Study concludes conservation NGOs might be better off working outside the RSPO

Conservation NGOs, palm oil producers, and other industry players have all promoted the Roundtable on Sustainable Palm Oil’s efforts, but is their participation truly effective in the RSPO scheme?

large scale oil palm plantation in sabah
Large-scale oil palm plantations are transforming the low land forest landscape in both Indonesia and Malaysia. Image: Lian Pin Koh, CC BY-NC-ND 2.0

Agricultural expansion into tropical forests is an important driver of biodiversity loss — which scientists say has already become so severe across 60 per cent of the Earth’s land surface that it may already threaten ecosystems’ ability to sustain human life.

Voluntary global standards like the Roundtable on Sustainable Palm Oil (RSPO), established in 2004 as an association of private stakeholders within the palm oil supply chain, are one of the chief tools being employed to reduce deforestation associated with the production of agricultural commodities. Conservation non-governmental organisations (NGOs), palm oil producers, and other players in the industry have all promoted the RSPO’s efforts, but a new study published in the journal Conservation and Society looks at how effective NGOs’ participation in the RSPO scheme truly is.

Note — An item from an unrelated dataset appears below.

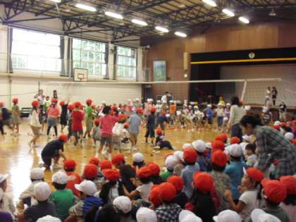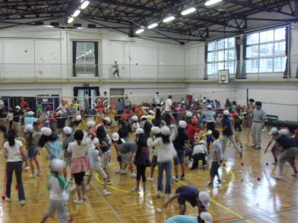学年ごとに、ネットをはさんで、紅白玉を投げ入れるゲームです。低学年は、ネットの下から。3年生以上は、ネットの上から、相手チームに玉を投げ入れていました。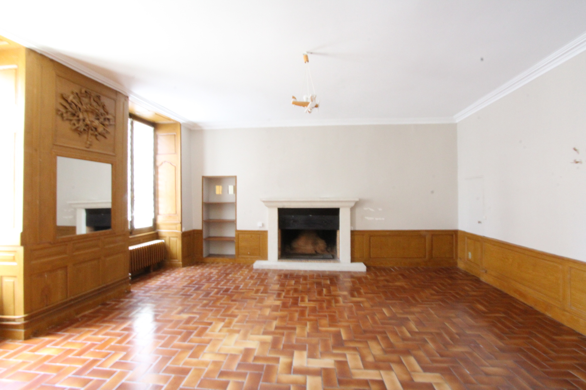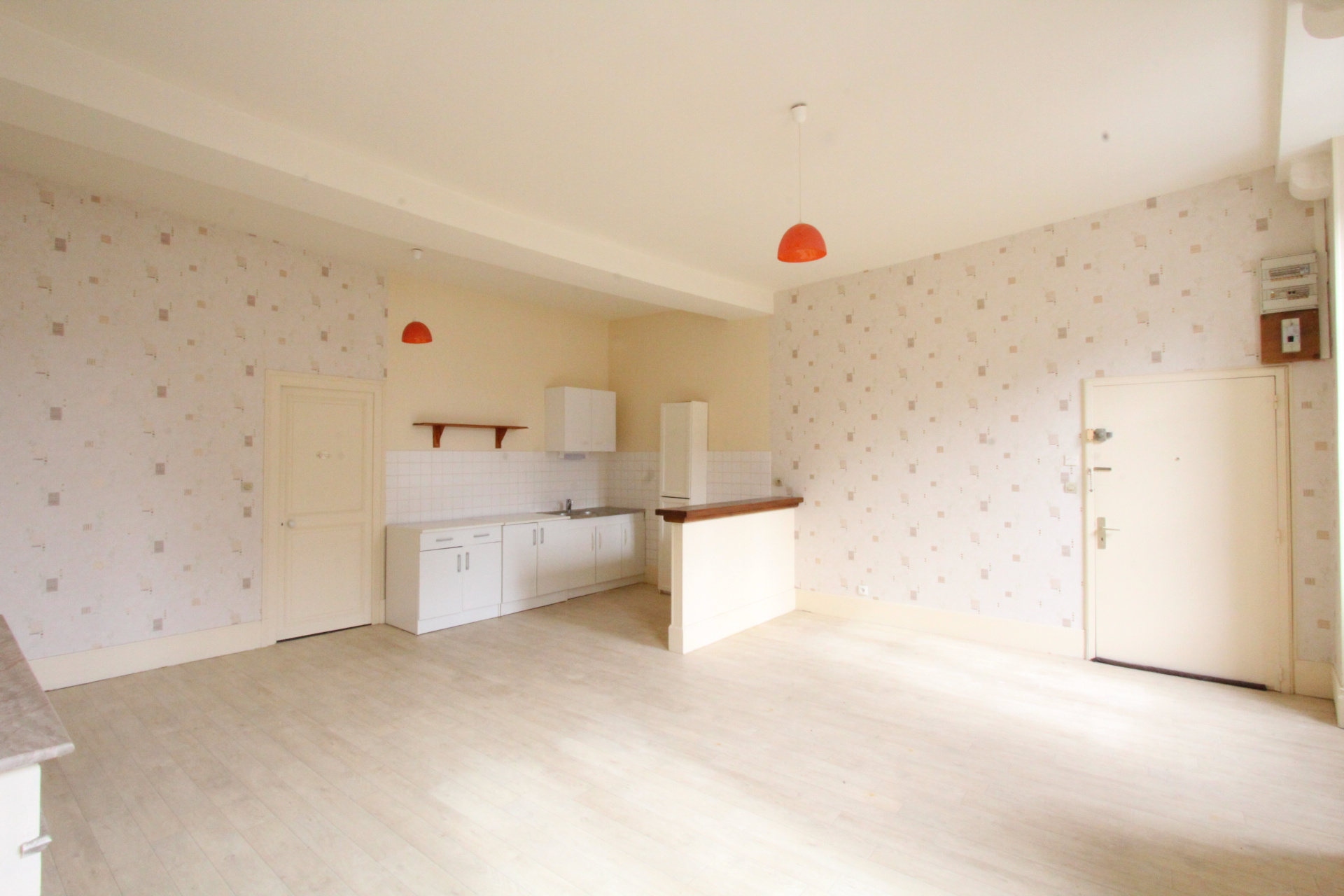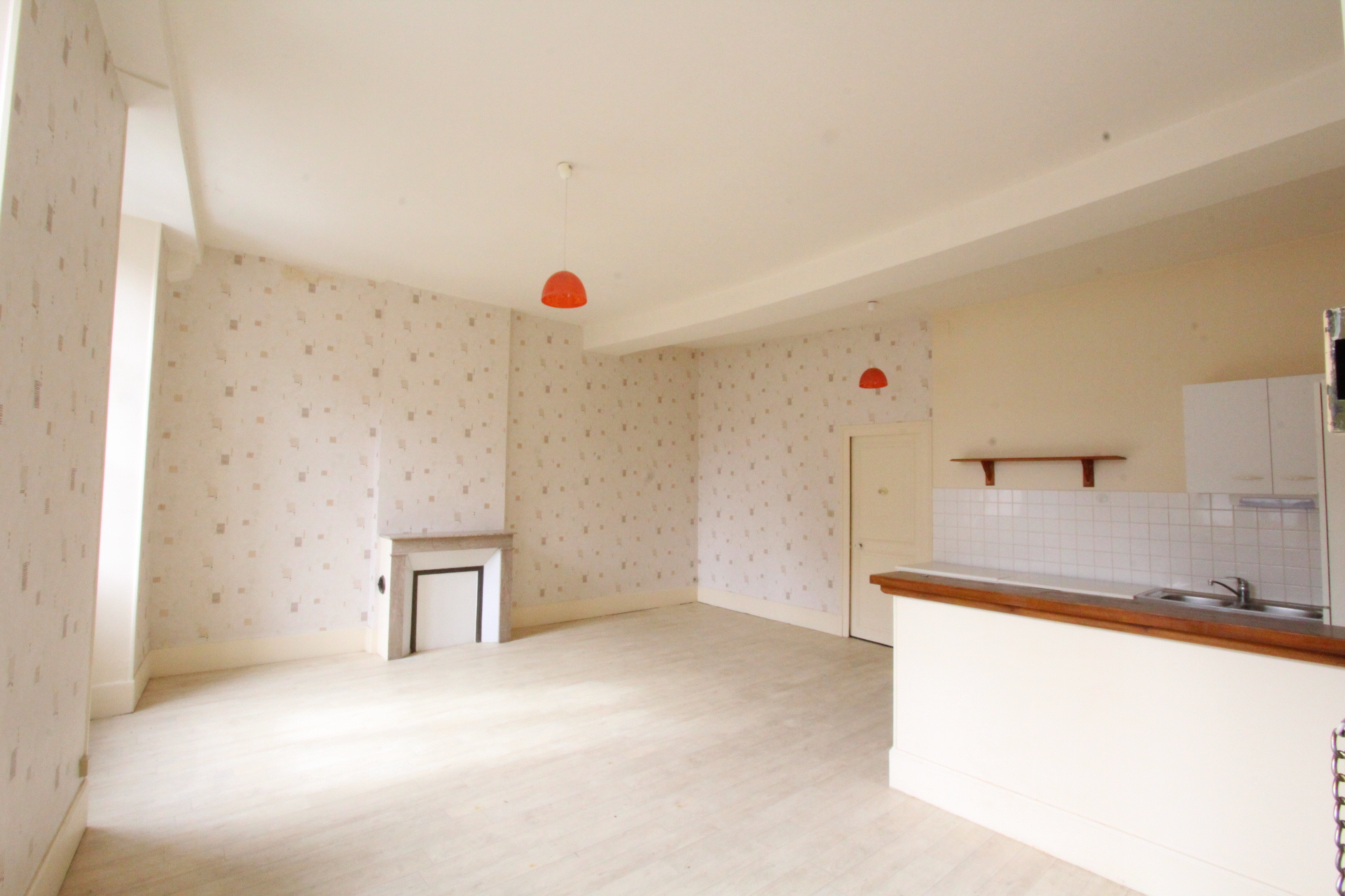 (3) L'appartement du fond F2 de 46 m² composé d'une entrée, un séjour avec boiseries avec coin cuisine de 21 m², la chambre avec cheminée de 16.8 m², une salle d’eau, WC séparés. A louer 350€/mois hors charges.

“So far researchers have demonstrated that the emergence of certifications for global commodities, such as RSPO, can be qualified as a new capitalist instrument, promoted by dominant economic players and major NGOs, and operating at the expense of local people,” the study notes.

But NGOs adopt a number of different roles based on their conservation goals and the resources at their disposal for achieving those goals. The study found that there are four general types of resources NGOs use to influence their relationship with the RSPO and its member companies to try and prioritise their goals: expertise; relationships outside the system, such as with media and government; communication and information; and institutional rules within the system.

The authors of the study say they’ve documented four different categories of engagement with the RSPO employed by NGOs, based largely on the types of resources they are capable of mobilising and their individual conservation goals: “1) ‘Collaborative NGOs’ seek to change the system from within by providing scientific research-based information, by holding strategic positions and by creating rules; 2) ‘Opponent’ remains outside the RSPO while using it as a platform for public campaigns; 3) ‘Opportunistic’ focuses on conserving geographical areas by adopting either collaborative or opponent strategies to reach their goals; and 4) ‘Sceptic’ supports communities to secure local land rights.”

The emergence of certifications for global commodities, such as RSPO, can be qualified as a new capitalist instrument, promoted by dominant economic players and major NGOs, and operating at the expense of local people.

However, the RSPO’s institutional structure could limit NGOs’ ability to have an impact, the authors found. Individual NGOs cannot change the RSPO’s strategy, and they often use different engagement strategies themselves in pursuit of their own conservation goals, making it difficult for NGOs to collaborate and therefore gain leverage over the institution. Meanwhile, the “Sceptic” NGOs are structurally excluded from the RSPO altogether, even though local land rights are a fundamental issue in regards to biodiversity conservation.

Conservation NGOs have played a vital role in strengthening biodiversity conservation within the RSPO, the authors write, including the creation of a comprehensive complaints system, a Compensation Task Force, and a Working Group on Greenhouse Gases. “All of these rules and institutions help to strengthen the RSPO standard and the provisions for its implementation,” the authors add.

But the RSPO system has largely failed to support NGOs in reaching their initial conservation goals. The response to NGO-led initiatives from other players, especially growers and downstream actors such as processors, manufacturers, and retailers, has “co-constructed and institutionalised the RSPO in such a way that it constrains the NGOs,” according to the study. This is what limits NGOs’ options and prevents them from achieving their own conservation goals.

In some ways, the NGOs themselves are responsible for the limits placed on their participation in the RSPO, however. What the authors call “Collaborative NGOs” have succeeded in creating several working groups within the RSPO, to which they provide scientific information on biodiversity loss, deforestation, and climate change. But the NGOs are never able to provide all of the needed information, and there are always some uncertainties at the local level, meaning that working groups must continually adjust their goals based on ongoing evaluation of available data. That ends up reinforcing the market logic of the RSPO, the authors contend.

“[The working groups] digest NGO criticism through a science-based management process. As a result, the RSPO still allows biodiversity loss, deforestation, and greenhouse gas emissions. Having contributed to reinforcing the RSPO system for more than 10 years, collaborative NGOs seem to have no other option but to unconditionally promote the RSPO,” the authors write.

All of which leads the authors to conclude that “NGOs would be more effective in reaching their goals either by focusing on their initial conservation objectives or by strategically collaborating with each other outside the structures of the RSPO.”